Second, the homo B domain is essential for autoproteolytic activation of furin, so that neither mutant can leave the ER. Surprisingly, the mutation of only one amino acid (Trp at amino acid 547) within this domain completely blocks the autocatalytic activation. To date, researchers have distinguished, for convenience sake, between the subtilisin-like catalytic and homo B domains, since the former but not the latter one is present in the prototypical proteases, bacterial subtilisins. However, our previous (Hatsuzawa et al., 1992; Creemers et al., 1993) and present studies using furin and the study of Gluschankof and Fuller(1994) using the yeast Kex2 protease have shown that the homo B domain is also essential for the autocatalytic activation process. Kex2-like proteases have more strict substrate specificity than subtilisins, making it tempting to speculate that an additional region is required for keeping the strict specificity. Although the three-dimensional structure of furin has been modeled on the basis of x-ray crystallographic data of subtilisin BPN` and thermitase, this model is restricted to the subtilisin-like domain (Van de Ven et al., 1990; Siezen et al., 1994). To understand the overall structure and thereby the molecular mechanisms that underlie the autocatalytic activation and substrate cleaving processes of Kex2 family proteases, it must therefore await x-ray crystallographic analysis of the proteases themselves.
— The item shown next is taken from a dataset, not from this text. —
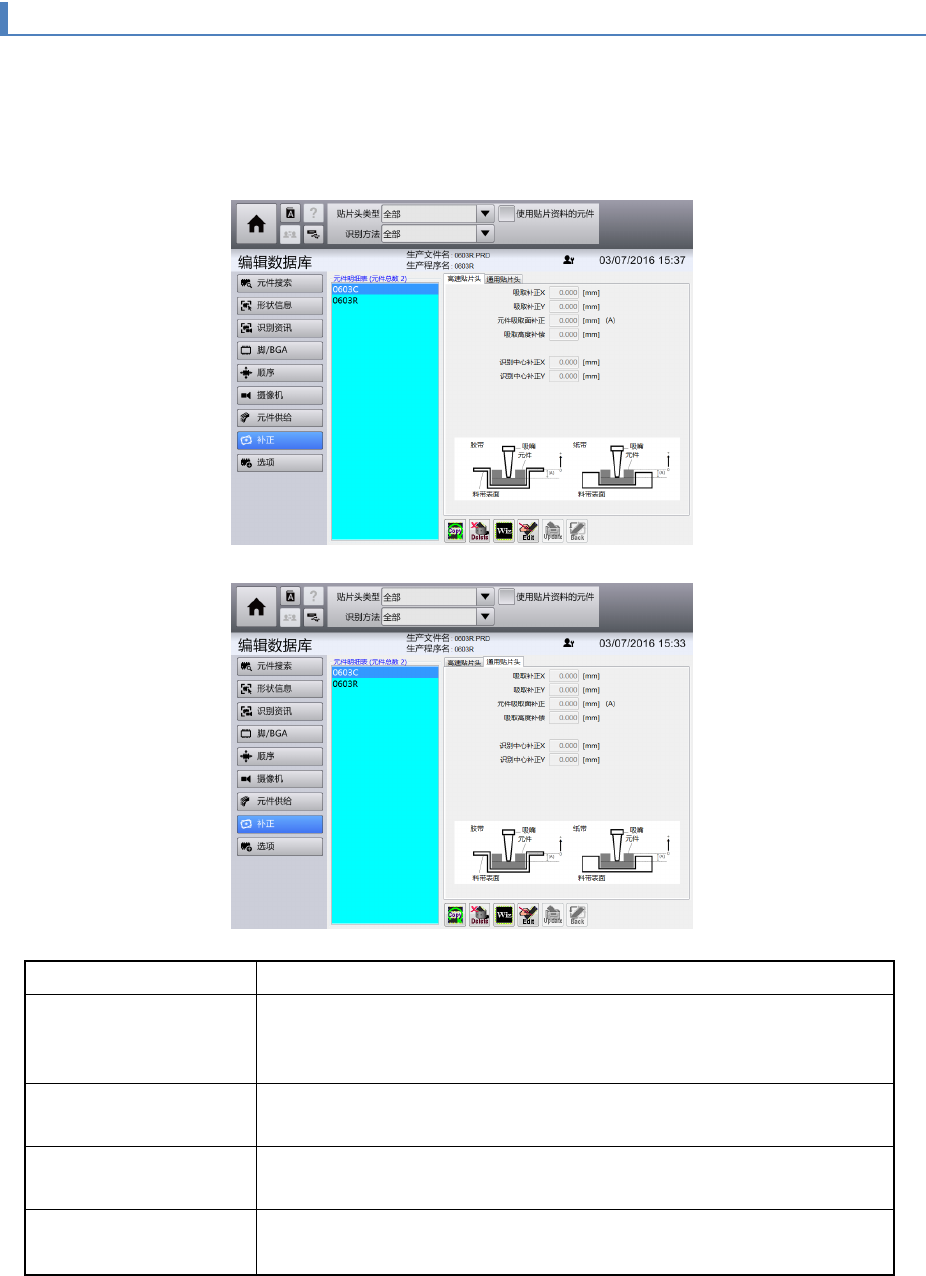 补正值信息中汇集了吸嘴从带式供料器吸取元件时所需的数据。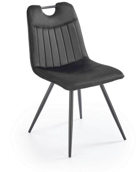 Irys Velvet étkezőszékIrys Velvet étkezőszék Az Irys Velvet étkezőszék dizájntartozék minden helyiségbe. Az ülés finom bársony szövettel van kárpitozva. Kellemes tapintású, és a párnázattal együtt kényelmes ülést biztosít. A szék stílusos kiegészítője a steppelt háttámla rombuszokban, amelyek eleganciát kölcsönöznek az egész helyiségnek. A fém talp stabil,

Finally, the region downstream of amino acid 429, including a most portion of the homo B domain, and the Cys-rich, transmembrane, and cytoplasmic domains, is not implicated in the ER retention of profurin. Especially, this indicates that association of the furin molecule with membranes is not implicated in the precursor retention. Although the molecular mechanism that underlies the ER retention of profurin is currently unknown, the presence of an ER-resident protein that interacts with the pro- but not mature form of furin could account for the ER retention (Creemers et al., 1995). It is tempting to speculate that such a retention protein might be a molecular chaperone essential for correct folding of profurin. Identification of an ER protein(s) that interacts with the furin precursor will be required to understand the mechanism of the ER retention.